* **WHAT THIS TASK INVOLVES**
The response must consist of the lines below from the one with "[허리뽀인트!]날씬해보이는,링크 단추 허리 스퀘어넥 크롭티" through the one with "手首にかけてリストストラップ", exactly as they appear and with both ends kept.

Items from a dataset:
********************
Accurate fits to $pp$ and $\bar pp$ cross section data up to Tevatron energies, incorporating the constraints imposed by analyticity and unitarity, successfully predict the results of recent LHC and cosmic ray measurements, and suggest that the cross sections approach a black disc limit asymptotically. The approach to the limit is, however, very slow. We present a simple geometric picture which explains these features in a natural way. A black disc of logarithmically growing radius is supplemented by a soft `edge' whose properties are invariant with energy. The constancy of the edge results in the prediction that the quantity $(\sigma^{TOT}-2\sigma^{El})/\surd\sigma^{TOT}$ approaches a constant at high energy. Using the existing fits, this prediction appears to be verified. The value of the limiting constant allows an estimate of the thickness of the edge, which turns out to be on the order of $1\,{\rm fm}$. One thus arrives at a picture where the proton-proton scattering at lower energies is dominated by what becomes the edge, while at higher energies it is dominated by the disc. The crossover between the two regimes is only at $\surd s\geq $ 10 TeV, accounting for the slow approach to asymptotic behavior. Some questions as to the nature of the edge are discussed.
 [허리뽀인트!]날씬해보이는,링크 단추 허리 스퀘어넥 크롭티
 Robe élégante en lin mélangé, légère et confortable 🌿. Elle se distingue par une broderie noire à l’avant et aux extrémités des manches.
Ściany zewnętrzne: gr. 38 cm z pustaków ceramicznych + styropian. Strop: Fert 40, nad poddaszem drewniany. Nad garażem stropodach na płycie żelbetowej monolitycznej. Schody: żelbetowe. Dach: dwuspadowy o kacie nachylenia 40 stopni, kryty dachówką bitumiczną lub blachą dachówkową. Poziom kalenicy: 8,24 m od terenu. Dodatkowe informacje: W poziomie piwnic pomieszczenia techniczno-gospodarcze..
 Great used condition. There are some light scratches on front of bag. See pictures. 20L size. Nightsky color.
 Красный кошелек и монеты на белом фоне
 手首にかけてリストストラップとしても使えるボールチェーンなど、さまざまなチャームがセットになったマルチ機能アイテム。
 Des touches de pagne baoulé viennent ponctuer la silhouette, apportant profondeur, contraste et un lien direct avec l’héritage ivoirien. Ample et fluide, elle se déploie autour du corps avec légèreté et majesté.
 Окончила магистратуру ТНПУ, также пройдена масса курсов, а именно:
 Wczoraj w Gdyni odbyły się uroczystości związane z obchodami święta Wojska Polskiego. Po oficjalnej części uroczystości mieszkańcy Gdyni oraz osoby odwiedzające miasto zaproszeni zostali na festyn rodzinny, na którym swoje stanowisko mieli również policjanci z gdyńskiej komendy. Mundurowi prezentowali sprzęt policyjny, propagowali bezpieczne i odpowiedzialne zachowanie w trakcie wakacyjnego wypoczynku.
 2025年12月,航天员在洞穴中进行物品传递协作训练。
********************
* **WRITTEN REPLY**
 [허리뽀인트!]날씬해보이는,링크 단추 허리 스퀘어넥 크롭티
 Robe élégante en lin mélangé, légère et confortable 🌿. Elle se distingue par une broderie noire à l’avant et aux extrémités des manches.
Ściany zewnętrzne: gr. 38 cm z pustaków ceramicznych + styropian. Strop: Fert 40, nad poddaszem drewniany. Nad garażem stropodach na płycie żelbetowej monolitycznej. Schody: żelbetowe. Dach: dwuspadowy o kacie nachylenia 40 stopni, kryty dachówką bitumiczną lub blachą dachówkową. Poziom kalenicy: 8,24 m od terenu. Dodatkowe informacje: W poziomie piwnic pomieszczenia techniczno-gospodarcze..
 Great used condition. There are some light scratches on front of bag. See pictures. 20L size. Nightsky color.
 Красный кошелек и монеты на белом фоне
 手首にかけてリストストラップとしても使えるボールチェーンなど、さまざまなチャームがセットになったマルチ機能アイテム。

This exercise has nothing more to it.